Excerpts from a dataset
++++++
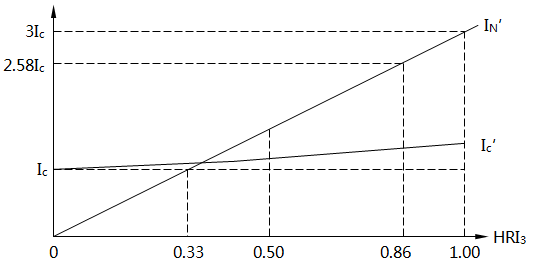 圖2 IN'和Ic'隨3次諧波含有率(HRI3)變化
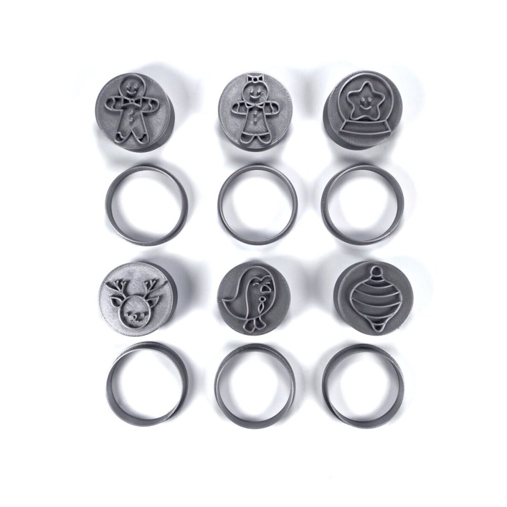 Plastová razítka vyrábíme inovativním 3D tiskem, z plastového materiálu PLA (materiál biologicky odbouratelný), odolný do 50°C a nevhodný do myčky na nádobí. Tvořítka jsou složena ze dvou částí: ostrý obvodový kruh vykrojí těsto a razítko s obrázkem detailně přenese konkrétní motiv do hmoty. Mezi hmoty hodící se pro tvoření s razítky patří sladká těsta na sušenky či linecké cukroví, ale i polotuhé hmoty jako fondán, marcipán, plastelína, Play-Doh, Modurit, keramická hlína, Fimo apod. Před prvním použitím a vždy po použití razítka omyjte jarovou vodou a důkladně osušte. Pro snazší práci s těsty je vhodné razítka nejprve vložit do misky s moukou. Nejsou určena pro děti do 3 let, hrozí odlomení malých částí.
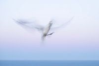 Een dromerige en minimalistische opname van een jan-van-gent in vlucht boven zee. Door de zachte bewegingsonscherpte krijgt het beeld een bijna schilderachtige uitstraling, waarbij lucht en water samensmelten in verfijnde pasteltinten. De subtiele overgangen van blauw en lichtgrijs creëren een serene, rustige sfeer.
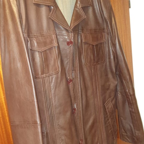 Læderjakke i brun farve til herre, størrelse L. Jakken er fremstillet af 100% skind og har lynlåslommer samt justerbare stropper ved ærmerne og taljen. Jakken er designet til udendørs brug og har et klassisk snit med krave.
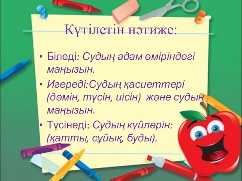 Күтілетін нәтиже:Біледі: Судың адам өміріндегі маңызын.Игереді:Судың қасиеттері (дәмін, түсін, иісін) және судың маңызын.Түсінеді: Судың күйлерін: (қатты, сұйық,
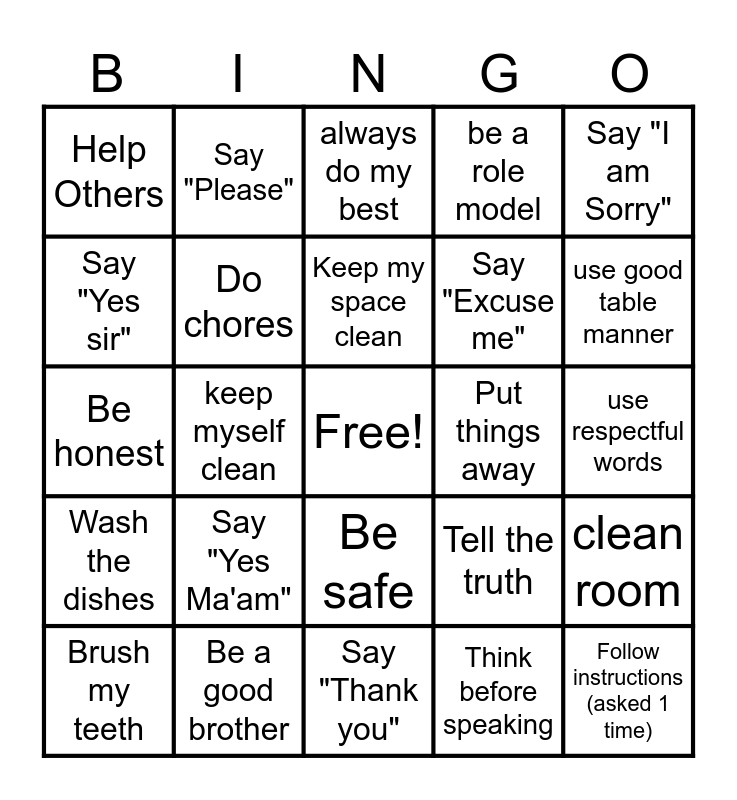 This bingo card has a free space and 24 words: Say "Yes Ma'am", Be a good brother, Keep my space clean, Brush my teeth, Say "I am Sorry", Help Others, Say "Yes sir", Say "Please", Put things away, Be safe, Say "Excuse me", Be honest, Tell the truth, clean room, Do chores, Think before speaking, use respectful words, always do my best, use good table manner, keep myself clean, Follow instructions (asked 1 time), Wash the dishes, be a role model and Say "Thank you".
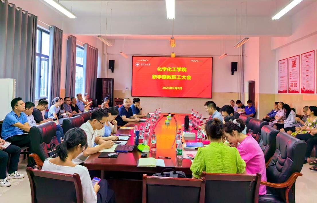 2023年9月2日下午3点化学化工学院召开全院教职工大会,集中政治学习,传达会议精神,总结学院上半年工作并布置新学期重点工作。学院党委书记康云峰、院长陈文通、党委副书记张华、副院长张定娃、刘诚,应化研究所副所长易绣光出席会议,会议由陈文通主持。
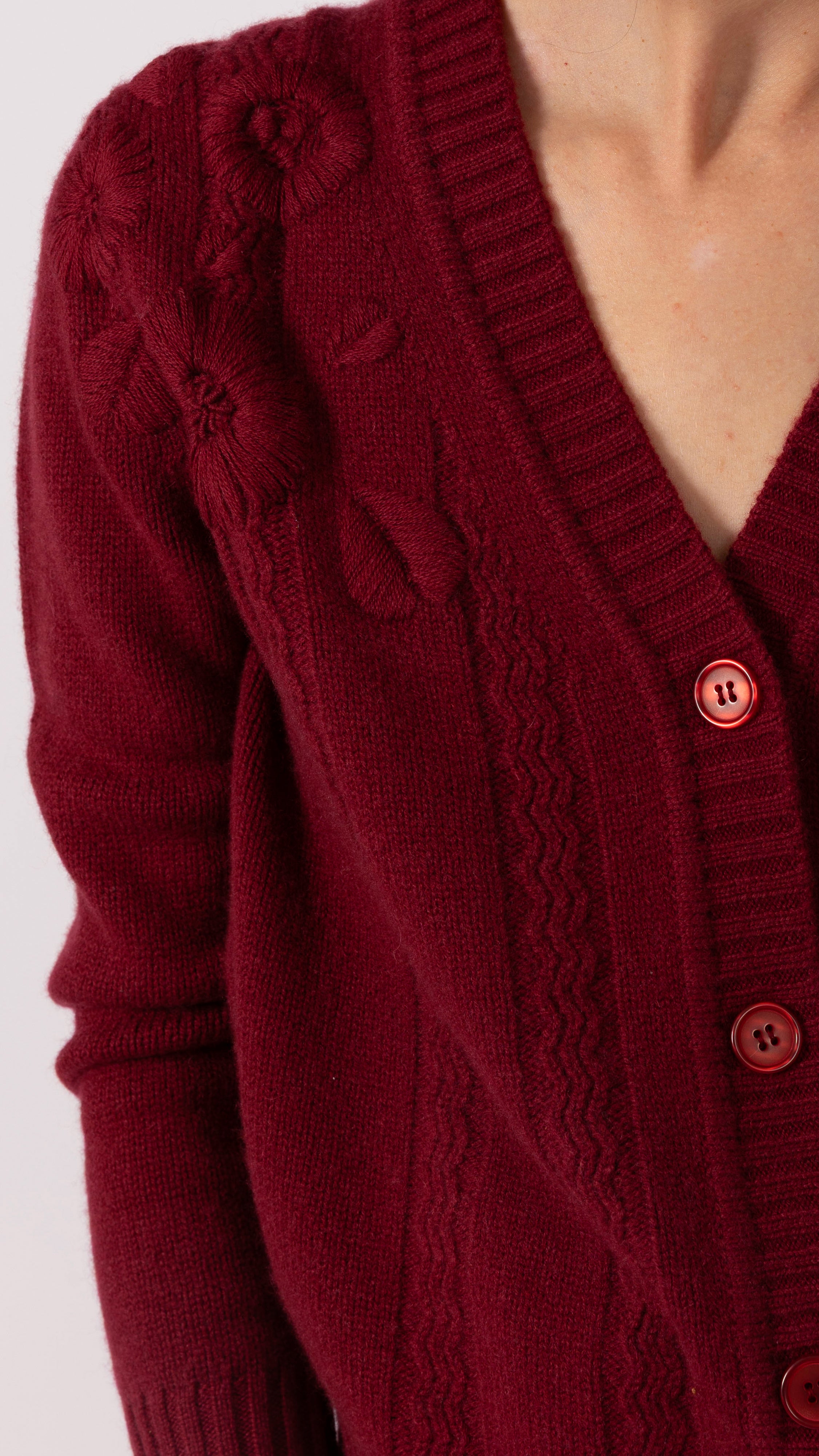 A delicately embroidered floral motif graces the shoulder, adding an artisanal touch that elevates its timeless appeal. Designed for a relaxed fit, this cardigan effortlessly enhances any outfit with its perfect balance of comfort and sophistication.
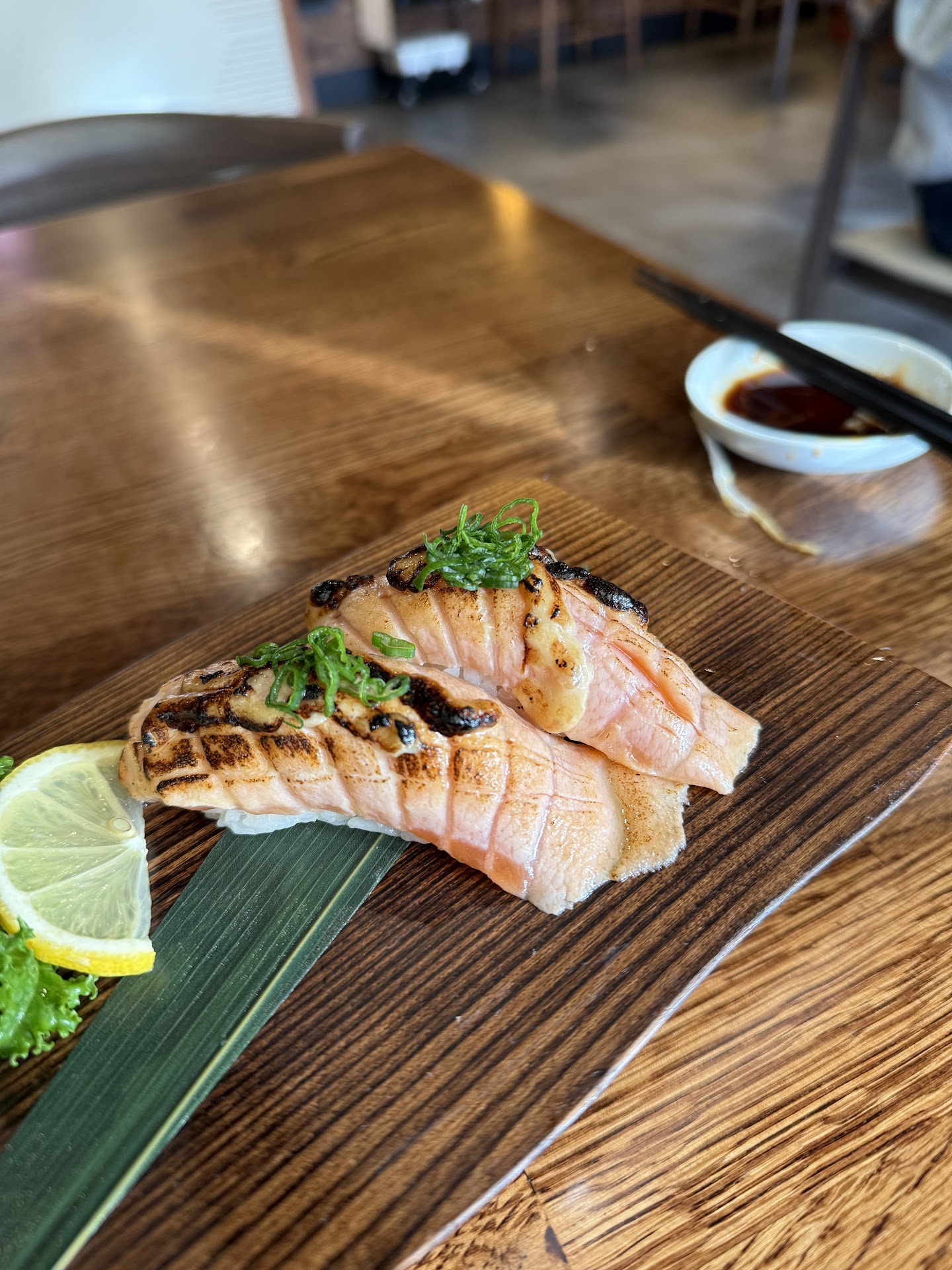 The caterpillar roll was packed with big pieces of eel and creamy avocado! Ooo you also have to try the garlic salmon - the fish melts in your mouth and is topped with a savory garlic aioli. Absolute perfection. The mackerel sashimi had huge portions and was perfectly umami. Lastly, the takoyaki was fluffy, savory, and had big chunks of octopus in them—so satisfying!
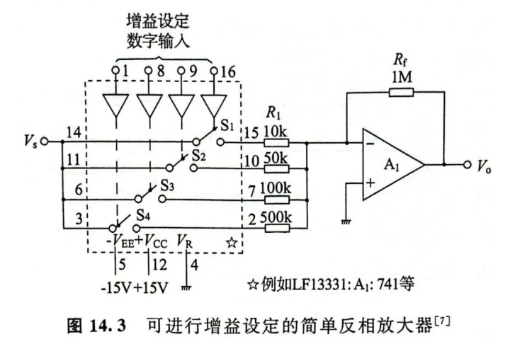 虽然也有压控增益放大器,但是它还是太贵了。那么如果例如电压表或者什么需要调整量程的时候,需要调节运算放大器增益的时候,就可以使用单片机的管脚控制模拟开关来调节运算放大器的增益。如图所示,当S1导通时,增益为1M/10k等于100倍;当S2导通时倍数就为20倍,便可以实现增益调节。
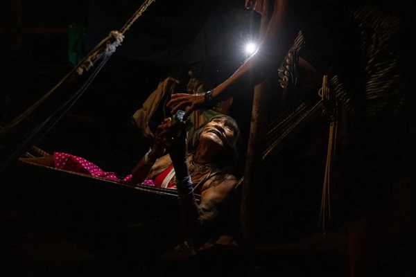 “¡Ten cuidado conmigo!”, le gritó a su hijo, Tama Txano Marubo (todos los miembros de la tribu marubo tienen el mismo apellido), mientras bajaba por un terraplén lodoso con un machete en una mano y su madre en la espalda. Todo el peso de su madre estaba sostenido en una tira de tela azul sujetada de la frente de Tama Txano. “¡Llamen un camión para que venga por mí!”, les gritó a unos parientes que reían. “Es demasiado”.
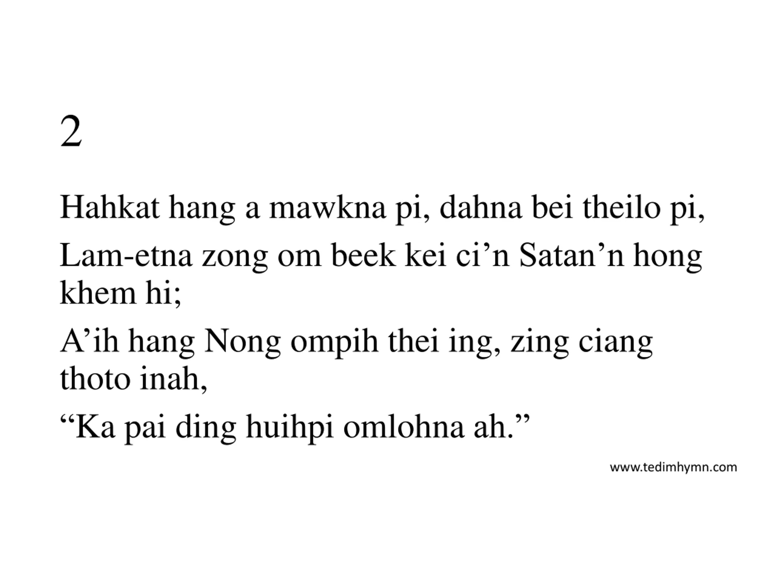 2 Hahkat hang a mawkna pi, dahna bei theilo pi, Lam-etna zong om beek kei ci nSatan n hong khem hi; A ih hang Nong ompih thei ing, zing ciang thoto inah, Ka pai ding huihpi omlohna ah. www.tedimhymn.com
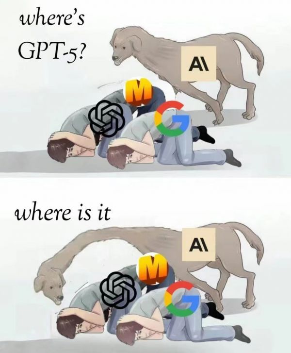 这种策略我们可以在 OpenAI 推出 ChatGPT 打压 Claude 时看到,也可以在今年 Sora 打压 Gemini 时看到,并且在社区内,大家甚至也在期待看到 GPT-5 打压 Claude 3 的时刻。不过 24 个小时过去,GPT-5 的王炸暂时还没有出现,这个“where is GPT-5”的表情包也迎来了进化:
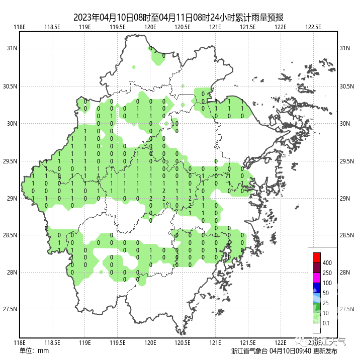 后天(周三)浙北天气转好,其它地区局部会下点小雨。
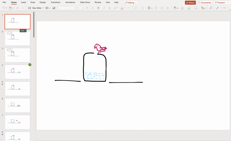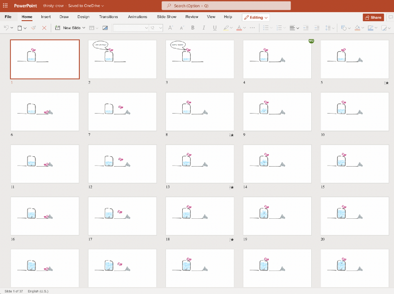 I am not going to touch upon why I did it, but I wanted to animate a well known short story. And, “The Thirsty Crow” came to mind immediately. I had no intention of spending any money on the Adobe Creative Suite. But I do/did have a personal M365 subscription, and PowerPoint installed on my Mac. Moreover, I have had some experience with using animations and inking on Powerpoint for Mac — but for slide decks at work. I figured that this was just a short story, and so, I rolled up my sleeves and produced this:
++++++
→ **Exercise description**:
Exercise for the records above: copy only the lines from the one with "2 Hahkat hang" to the one with "后天(周三)浙北天气转好,其它地区局部会下点小雨。", both ends kept, and drop the pictures.

→ **Answer to this task**:
 2 Hahkat hang a mawkna pi, dahna bei theilo pi, Lam-etna zong om beek kei ci nSatan n hong khem hi; A ih hang Nong ompih thei ing, zing ciang thoto inah, Ka pai ding huihpi omlohna ah. www.tedimhymn.com
 这种策略我们可以在 OpenAI 推出 ChatGPT 打压 Claude 时看到,也可以在今年 Sora 打压 Gemini 时看到,并且在社区内,大家甚至也在期待看到 GPT-5 打压 Claude 3 的时刻。不过 24 个小时过去,GPT-5 的王炸暂时还没有出现,这个“where is GPT-5”的表情包也迎来了进化:
 后天(周三)浙北天气转好,其它地区局部会下点小雨。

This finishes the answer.